Abaikan 95 Persen Keterangan Saksi, Majelis Hakim PTUN Dilaporkan Ke MA

SHARE

Ilustrasi : Pengadilan Tata Usaha Negara (PTUN) Jakarta (PTUNJakarta.Dok)


CARAPANDANG.COM – Dinilai tidak profesional dalam memutuskan perkara, Majelis hakim perkara 17/G/2020/PTUN.Jkt dilaporkan ke Mahkamah Agung, Komisi Yudisial serta Hakim Pengawas Pengadilan Tinggi Tata Usaha Negara (PTUN).

Majelis hakim yang dilaporkan itu adalah Andi Muh. Ali Rahman (ketua), Umar Dani dan Enrico Simanjuntak (anggota). Mereka bertiga dilaporkan advokat Deswerd Zougira, kuasa hukum penggugat pada Senin (1/9/2020).

Desward mengatakan putusan perkara yang dibuat ketiga hakim tersebut tidak memuat sekitar 95 persen keterangan tiga orang saksi fakta yang diajukan penggugat.

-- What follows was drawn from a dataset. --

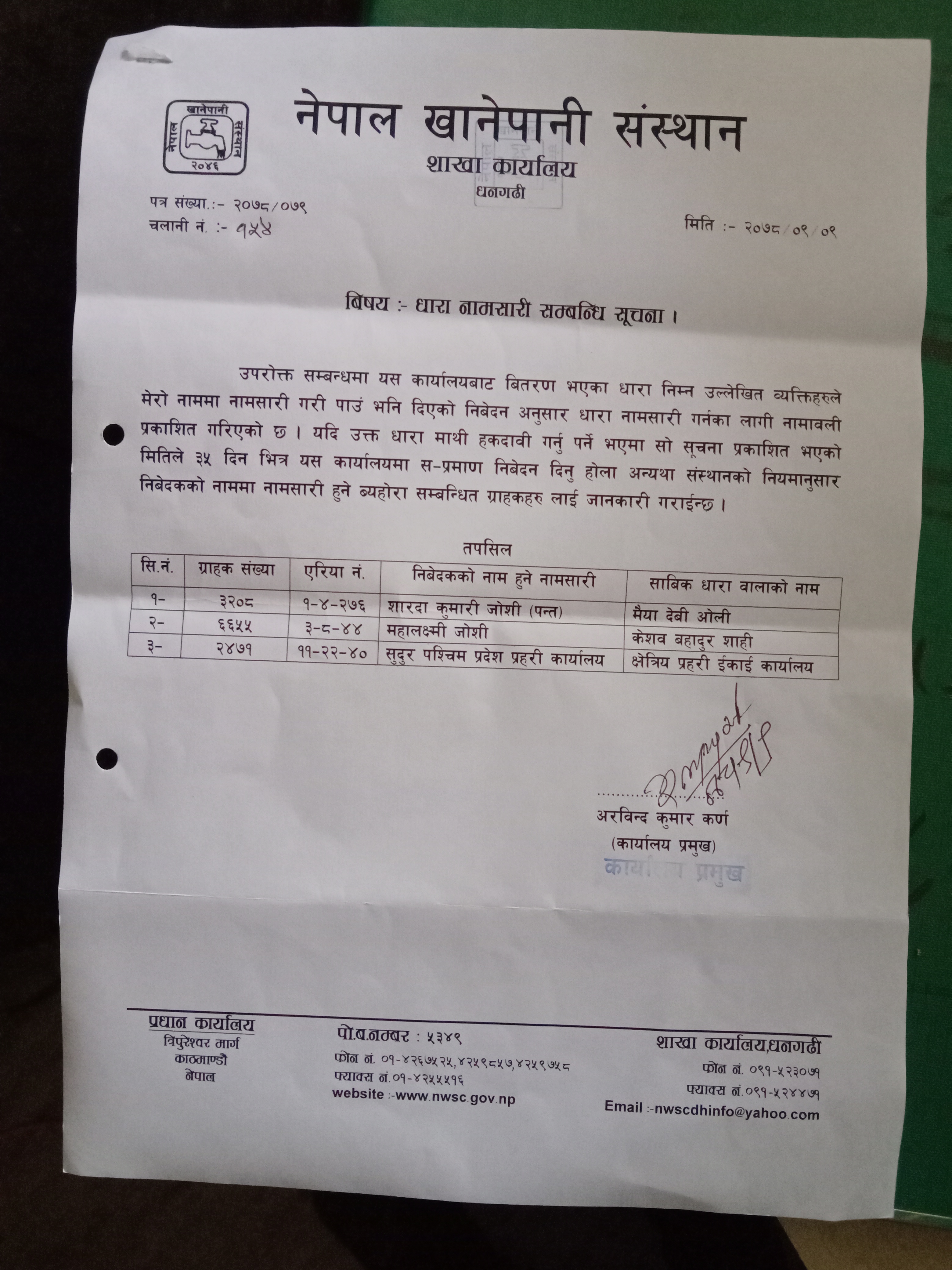 नेपाल खानेपानी संस्थान धनगढीको धारा नामसारीको सूचना ।

Padahal, keterangan saksi-saksi berkesesuian dengan materi gugatan dan alat bukti yang diajukan.

“Akibat tidak dimuatnya keterangan saksi-saksi fakta itu, ketiga hakim sama sekali tidak mempertimbangkan apa yang menjadi tuntutan penggugat,” ungkap Deswerd dalam keterangannya, Rabu (2/9/2020) melansir RMOL.

Mengutip RMOL, Deswerd dalam laporannya menyebutkan, dari lima pelanggaran prosedur dan aturan yang disebut di gugatan, ketiga hakim itu hanya mempertimbangkan dua pelanggaran prosedur. Itu pun, kata dia, pertimbangannya sangat tidak masuk akal sehat orang awam sekali pun. Sedangkan sisanya sama sekali tidak dipertimbangkan.

Putusan juga memuat keterangan saksi Mohamad Ikbal Bahua yang menerangkan; saat pencalonan tergugat intervensi belum menyandang gelar doktor sebagaimana informasi yang diterima dari Badan Kepegawaian Negara. Padahal saksi tidak pernah mengatakan hal tersebut.

Begitu pula saksi Rifai Hamzah di persidangan menerangkan sebagai Sekertaris Panitia Pemilihan Rektor dan saksi Abdul Hamid Tome menerangkan sebagai anggota Panitia Pemilihan Rektor tetapi keduanya ditulis diputusan sebagai anggota Senat.

Keterangan tiga saksi penggugat yang diperiksa selama empat jam ditulis hanya dalam 3 halaman, itu pun berisi keterangan identitas dan keterangan yang sifatnya normatif.

“Kesalahan-kesalahan itu semestinya dihindari dalam sebuah putusan. Jadinya majelis terlihat tidak profesional," jelas Deswerd.

Perkara 17/G/2020/PTUN.Jkt itu adalah gugatan Ani Hasan kepada Menteri Pendidikan dan Kebudayaan atas diterbitkannya SK pengangkatan rektor Universitas Negeri Gorontalo atas nama Eduard Wolok.

Ani menilai keputusan menteri yang menyalurkan seluruh hak suaranya dalam pemilihan rektor hanya kepada Eduard menyalahi Permenristekdikti 21/2018 karena tidak membentuk tim penilai kinerja calon pimpinan perguruan tinggi dan tidak melakukan rekam jejak calon. Tindakan menteri itu juga dinilai Ani tidak adil dan sewenang-wenang.